- Opening Delimiter -
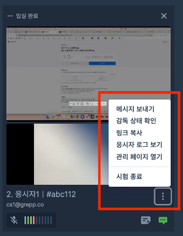 감독실에서 응시자 화면의 메뉴를 선택하신 후 시험 종료 항목을 클릭해주세요.
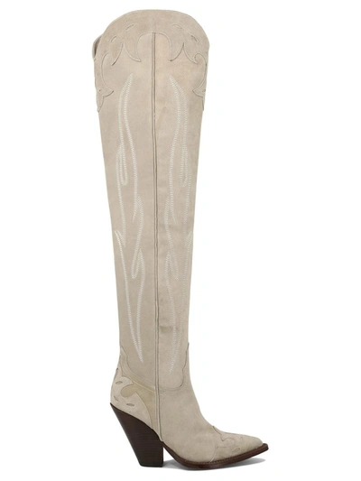 PULL-ON;LEATHER SOLE;POINTED TOE;COWBOY DESIGN;BLOCK HEEL;HEEL HEIGHT: 9 CM | Sonora Women's "melrose" Boots in Beige | Size 40 | MEL90BTASUEOT06WMELROSE
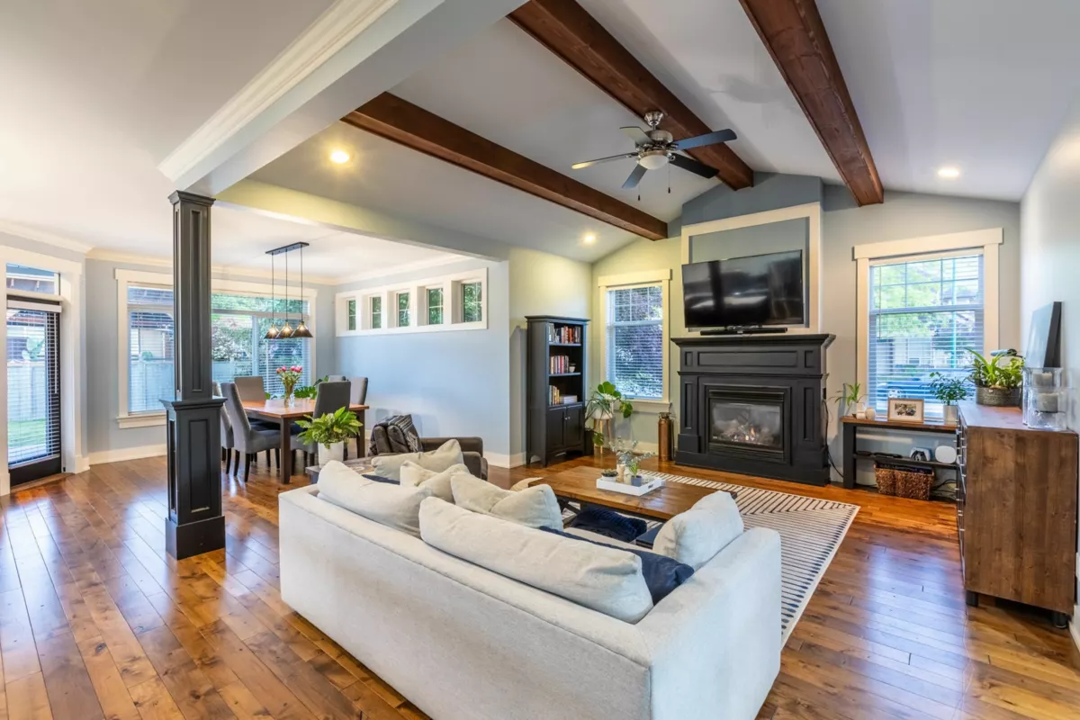 This is the one! Beautiful 6 bed rancher with walkout basement in the family friendly Sandy Hill neighbourhood. Huge windows soak the main floor with natural light plus 9’ ceilings, crown moulding, hardwood floors, & custom millwork. Open concept kitchen with new quartz counters, undermount sink, updated appliances & two-tone shaker cabinets. Vaulted family room with cozy gas fireplace & access to the patio. Primary bed with walk-in closet, 5-pc ensuite, soaker tub & patio access. Downstairs offers a 2-bed suite with separate entry, living room, laundry, kitchen & covered patio. Additional bedroom & rec room for upstairs use. New HWT, updated plumbing & A/C. RV parking, fenced yard + hot tub. Walk to Sandy Hill Elementary (French Immersion) Clayburn Middle & Robert Bateman Secondary.
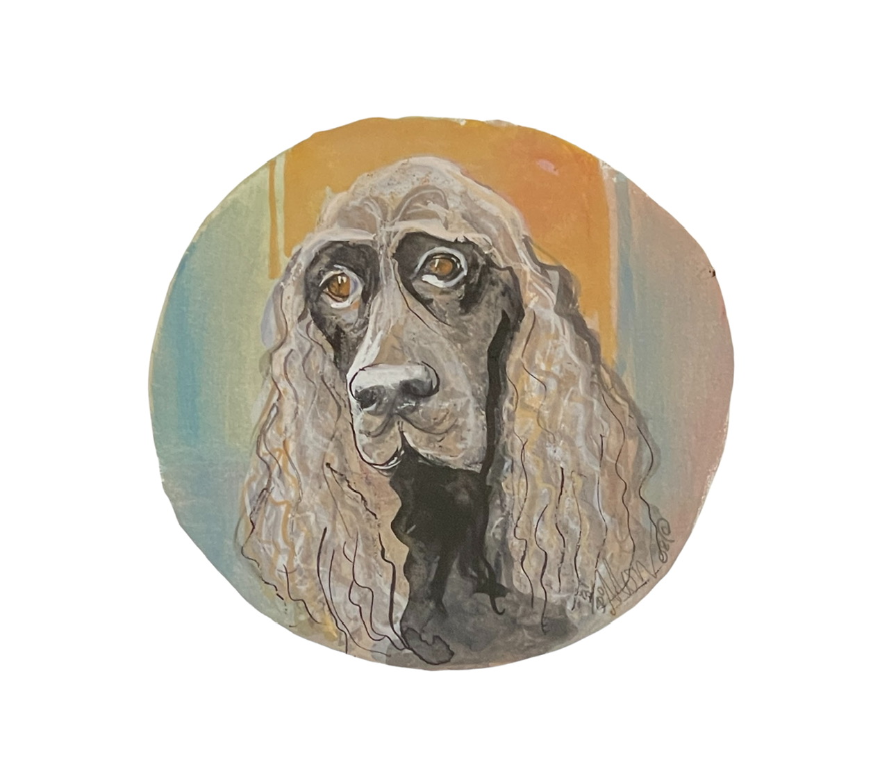 Field Spaniel by P. Buckley Moss is a signed and numbered limited edition lithograph from the beloved Moss Dog Collection, which celebrates the loyalty, charm, and beauty of our canine companions. This portrait features the soulful Field Spaniel, known for its expressive eyes and graceful long ears. Moss’s circular vignette draws attention to the dog’s tender gaze, framed against a softly blended background of warm amber, soft blue, and muted gold tones. The result is a dignified yet affectionate portrayal of one of the spaniel family’s most elegant breeds.
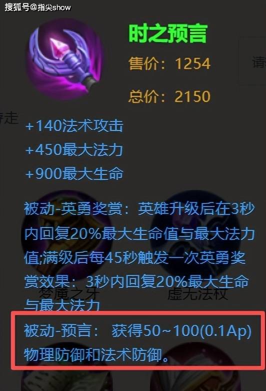 本身是法系的半肉装备,有法强,有续航,有不错的双抗,但是在调整之后,合成件进化水晶没了,且大幅抬高了双抗需要的法强比例,也就是说,想要有原本进化水晶被动的buff,就只能直接合成大件,但前期合成,你的法强不高,被动的双抗加的也很可怜。
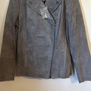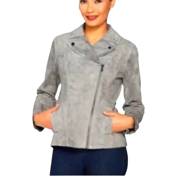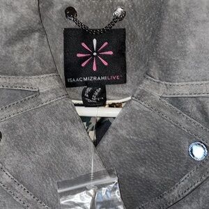 🌹NWT:ISAAC MIZRAHI LIVE LEATHER GRAY MOTO JACKET
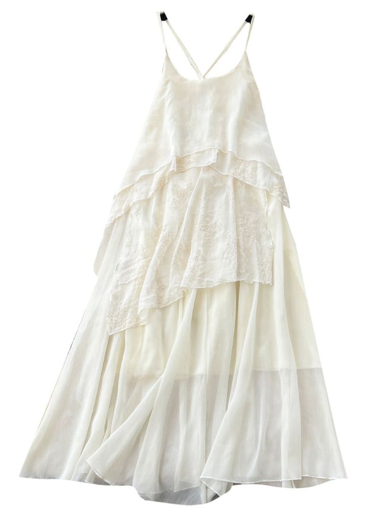 Women White Patchwork Lace Spaghetti Strap Dress Summer
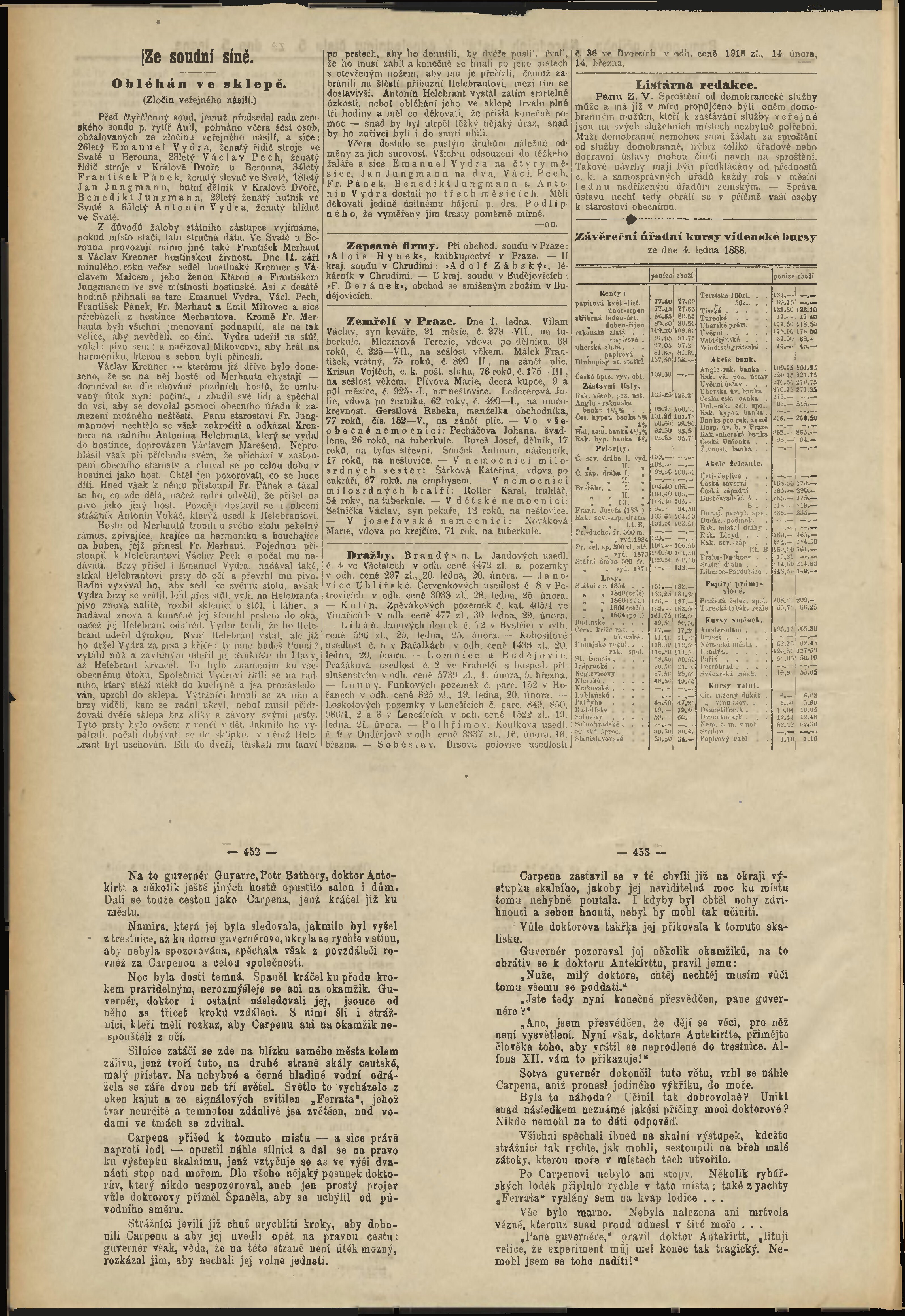 * Datum vydání výtisku: 5.1.1888 Číslo výtisku: 5 Poznámky k výtisku: odpolední vydání;
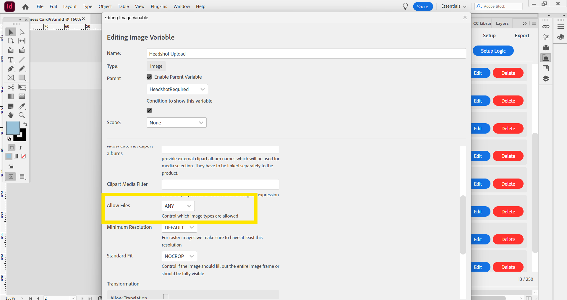 We also need a Clipart Resource set that will contain all the logo options the customer can select from that will be linked to both the logo variables.
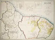 English and Dutch settlers were regularly harassed by the Spanish and Portuguese, who viewed settlement of the area as a violation of the Treaty of Tordesillas. In 1613, Dutch trading posts on the Essequibo and Corantijn Rivers were completely destroyed by Spanish troops. The troops had been sent into the Guianas from neighboring Venezuela under the premise of stamping out privateering and with the support of a cédula passed by the Spanish Council of the Indies and King Philip III.[7] Nonetheless, the Dutch returned in 1615, founding a new settlement at present-day Cayenne (later abandoned in favor of Suriname), one on the Wiapoco River (now more commonly known as the Oyapock) and one on the upper Amazon. By 1621, a charter was granted by the Dutch States-General, but even a few years prior to the official chartering a fort and trading post had been built at Kijkoveral, under the supervision of Aert Groenewegen, at the confluence of the Essequibo, Cuyuni, and Mazaruni Rivers.[8] British settlers also succeeded in establishing a small settlement in 1606 and a much larger one in modern-day Suriname in 1650, under the leadership of former Barbadian governor Francis Willoughby, Lord Parham.[9]
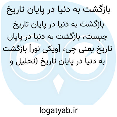 [ویکی نور] بازگشت به دنیا در پایان تاریخ (تحلیل و بررسی مسئله رجعت). «بازگشت به دنیا در پایان تاریخ (تحلیل و بررسی مسئله رجعت)» اثر خدامراد سلیمیان، پژوهشی است درباره رجعت و بازگشت برخی مردگان مؤمن و کافر، بعد از ظهور امام زمان(ع) که به زبان فارسی و در سال 1349ش نگارش یافته است.
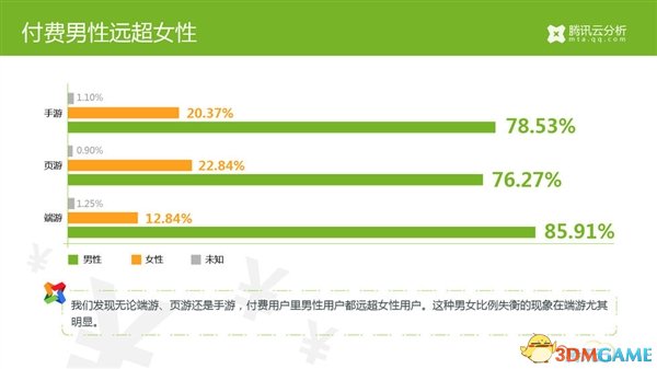 - 无论端游、页游还是手游,付费用户里男性用户都远超女性用户,而这种男女比例失衡的现象在端游尤其明显。
- Closing Delimiter -
• WORK ORDER: Copy the material exactly. Do not include the pictures.

• ANSWER FOR THE TASK:
 감독실에서 응시자 화면의 메뉴를 선택하신 후 시험 종료 항목을 클릭해주세요.
 PULL-ON;LEATHER SOLE;POINTED TOE;COWBOY DESIGN;BLOCK HEEL;HEEL HEIGHT: 9 CM | Sonora Women's "melrose" Boots in Beige | Size 40 | MEL90BTASUEOT06WMELROSE
 This is the one! Beautiful 6 bed rancher with walkout basement in the family friendly Sandy Hill neighbourhood. Huge windows soak the main floor with natural light plus 9’ ceilings, crown moulding, hardwood floors, & custom millwork. Open concept kitchen with new quartz counters, undermount sink, updated appliances & two-tone shaker cabinets. Vaulted family room with cozy gas fireplace & access to the patio. Primary bed with walk-in closet, 5-pc ensuite, soaker tub & patio access. Downstairs offers a 2-bed suite with separate entry, living room, laundry, kitchen & covered patio. Additional bedroom & rec room for upstairs use. New HWT, updated plumbing & A/C. RV parking, fenced yard + hot tub. Walk to Sandy Hill Elementary (French Immersion) Clayburn Middle & Robert Bateman Secondary.
 Field Spaniel by P. Buckley Moss is a signed and numbered limited edition lithograph from the beloved Moss Dog Collection, which celebrates the loyalty, charm, and beauty of our canine companions. This portrait features the soulful Field Spaniel, known for its expressive eyes and graceful long ears. Moss’s circular vignette draws attention to the dog’s tender gaze, framed against a softly blended background of warm amber, soft blue, and muted gold tones. The result is a dignified yet affectionate portrayal of one of the spaniel family’s most elegant breeds.
 本身是法系的半肉装备,有法强,有续航,有不错的双抗,但是在调整之后,合成件进化水晶没了,且大幅抬高了双抗需要的法强比例,也就是说,想要有原本进化水晶被动的buff,就只能直接合成大件,但前期合成,你的法强不高,被动的双抗加的也很可怜。
 🌹NWT:ISAAC MIZRAHI LIVE LEATHER GRAY MOTO JACKET
 Women White Patchwork Lace Spaghetti Strap Dress Summer
 * Datum vydání výtisku: 5.1.1888 Číslo výtisku: 5 Poznámky k výtisku: odpolední vydání;
 We also need a Clipart Resource set that will contain all the logo options the customer can select from that will be linked to both the logo variables.
 English and Dutch settlers were regularly harassed by the Spanish and Portuguese, who viewed settlement of the area as a violation of the Treaty of Tordesillas. In 1613, Dutch trading posts on the Essequibo and Corantijn Rivers were completely destroyed by Spanish troops. The troops had been sent into the Guianas from neighboring Venezuela under the premise of stamping out privateering and with the support of a cédula passed by the Spanish Council of the Indies and King Philip III.[7] Nonetheless, the Dutch returned in 1615, founding a new settlement at present-day Cayenne (later abandoned in favor of Suriname), one on the Wiapoco River (now more commonly known as the Oyapock) and one on the upper Amazon. By 1621, a charter was granted by the Dutch States-General, but even a few years prior to the official chartering a fort and trading post had been built at Kijkoveral, under the supervision of Aert Groenewegen, at the confluence of the Essequibo, Cuyuni, and Mazaruni Rivers.[8] British settlers also succeeded in establishing a small settlement in 1606 and a much larger one in modern-day Suriname in 1650, under the leadership of former Barbadian governor Francis Willoughby, Lord Parham.[9]
 [ویکی نور] بازگشت به دنیا در پایان تاریخ (تحلیل و بررسی مسئله رجعت). «بازگشت به دنیا در پایان تاریخ (تحلیل و بررسی مسئله رجعت)» اثر خدامراد سلیمیان، پژوهشی است درباره رجعت و بازگشت برخی مردگان مؤمن و کافر، بعد از ظهور امام زمان(ع) که به زبان فارسی و در سال 1349ش نگارش یافته است.
 - 无论端游、页游还是手游,付费用户里男性用户都远超女性用户,而这种男女比例失衡的现象在端游尤其明显。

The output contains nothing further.